Understanding Income Tax – What is Income Tax?
A tax is an obligatory financial burden or any kind of direct levy imposed upon a taxpayer by some governmental entity in return for the payment of government spending and/or various public amenities. Any citizen who has been registered as a taxpayer and has paid his/her taxes, may be charged with tax evasion or tax fraud. Evasion of or disobedience to tax, and, if convicted, shall be punished by law.
In the United States, taxation is imposed by federal and state governments. A graduated system of taxation is applied to different incomes and assets. The highest rate of taxation usually applies to very large estates. Taxation of tangible and intangible personal properties is based on net worth.
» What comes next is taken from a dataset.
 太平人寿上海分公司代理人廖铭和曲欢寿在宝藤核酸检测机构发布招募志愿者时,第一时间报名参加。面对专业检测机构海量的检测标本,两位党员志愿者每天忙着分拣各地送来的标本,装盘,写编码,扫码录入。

A number of indirect taxes are included in the income of taxpayers. These include the Excise Tax, Franchise Tax, Sales Tax, and Value Added Tax. These indirect taxes are not part of the taxable income and are therefore not subjected to federal income taxation. Excise Tax is the most common indirect tax that is derived from the production or sale of products to consumers, while Franchise Tax is applicable to Franchises and S corporations.
The major types of indirect taxes are the Excise Tax, Franchise Tax, and State Sales Tax. The purpose of State sales tax is to provide revenue to state agencies and municipalities. The purpose of Federal income taxation is to provide revenue for the national government. Federal payroll taxes are collected by the employer. Federal payroll taxes cannot be passed directly to the taxpayers.
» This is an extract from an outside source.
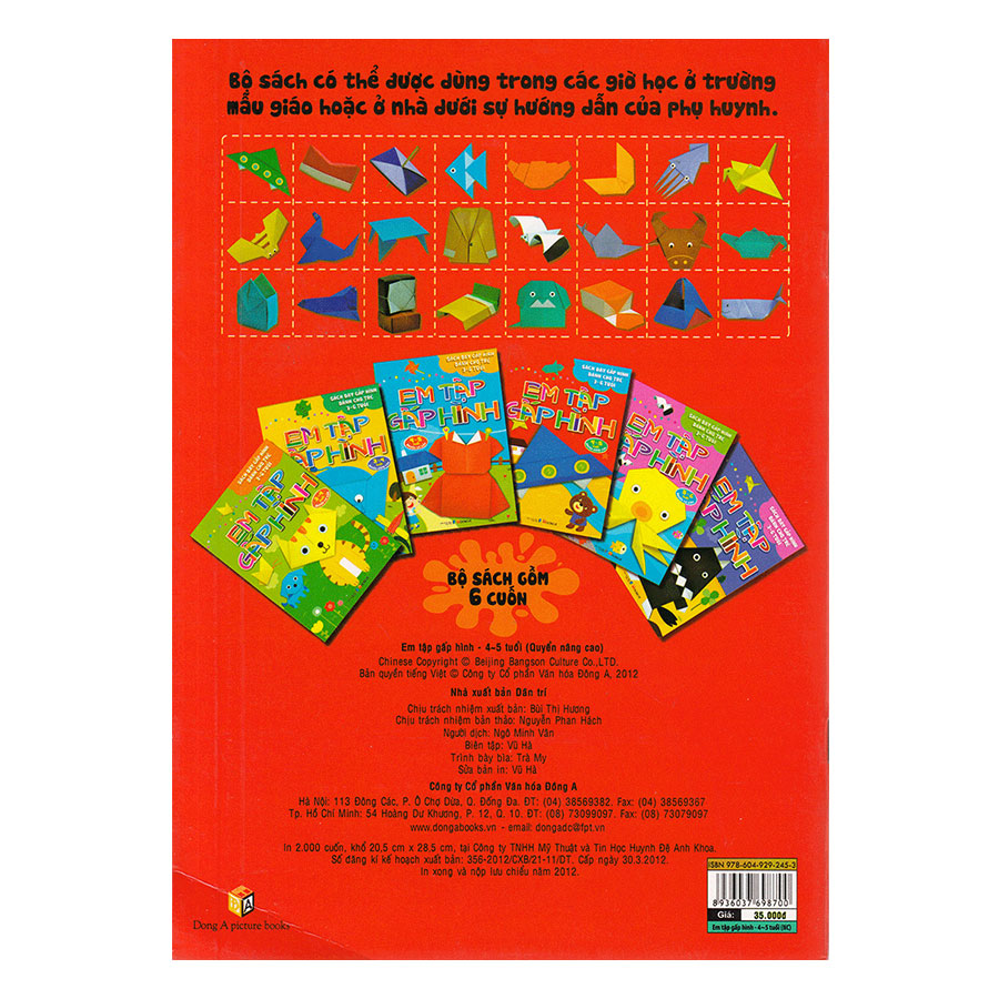 Tập gấp hình bằng giấy là một trò chơi thú vị mà các bậc phụ huynh thường chơi cùng con. Bé sẽ rất thích thú khi chính tay xếp được những hình ngộ nghĩnh, dễ thương như con thuyền, bông hoa hay ngôi nhà… Tuy nhiên, không phải cha mẹ nào cũng biết nhiều cách gấp hình để hướng dẫn con hàng ngày. Hiểu được điều đó, Công ty Văn hóa Đông A đã xuất bản bộ sách dạy gấp hình cho trẻ từ 3 – 6 tuổi "Em tập gấp hình" Bộ sách không chỉ là cẩm nang gấp hình cho các bậc phụ huynh mà còn có thể dùng trong các giờ học ở trường mẫu giáo.

Proportional taxes include property taxes, value-added taxes, gasoline taxes, and sales taxes. Progressive taxation is one form of proportional taxation where a tax is charged for increasing the taxation levels in line with the increase in the cost of living. In most cases, progressive taxation means that an increase in cost of living automatically charges a higher tax rate. There are also property transfer taxes and franchise taxes that indirectly change prices of goods and services.
The basic difference between direct taxes and indirect taxes is that direct taxes directly come out of the pocket of the taxpayer and the indirect taxes are passed on through the tax collector. It is important to keep in mind that an indirect tax is always added on to the price of an item. The consumer pays the price of taxes and the store or shop does not pass this cost along to the consumer. There are many reasons why we pay taxes; some are necessary to the operation of society and some are merely to ensure the fair distribution of income. Direct taxes are needed to fund public programs and services, while indirect taxes are used for regular business expenses. Both types of taxes should be included in an individual’s income statement and should not be classified as personal income tax.